I risultati di questo tipo di intervento sono buoni, sia in termini di risoluzione del dolore che di funzionalità del ginocchio e ciò è confermato da una esperienza clinica che ha raggiuntoi 10 – 15 anni. E’ però da considerare che la protesi non può mai essere considerato un intervento definitivo. La statistica dimostra ineluttabilmente che la frequenza di problemi aumenta malauguratamente con il trascorrere del tempo e l’uso della articolazione artificiale.

I problemi sono legati soprattutto all’usura delle componenti proteiche e al rimodellamento osseo, che può portare alla perdita dell’ancoraggio della protesi. Un reintervento, con applicazione di una nuova protesi, deve essere considerato solamente in soggetti giovani, con una lunga aspettativa di vita.

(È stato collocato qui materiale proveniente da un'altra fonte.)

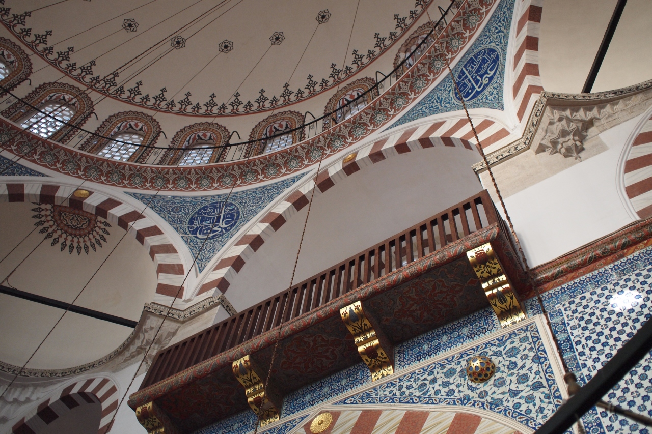 大きくて美しいジャミィ。外から見ても迫力あります。入り口を入ると中に商店街がありこれも楽しい。こんにちは!と声をかけられてそちらを見ると、店員さんが恥ずかしがって隠れてしまうという、イスタンブルでは見られないようなシャイな場面も。そして内部は高くて美しい天井が必見。中の高いところにも登れます。そこがちょっとせまいのがまたよい。

Anche con questi limiti l’intervento di protesi del ginocchio rappresenta una formidabile soluzione terapeutica, perché permette di risolvere situazioni di grave distruzione articolare, che in passato potevano essere affrontate solo con gli interventi di artrodesi, cioè la fusione della articolazione e la perdita completa del movimento.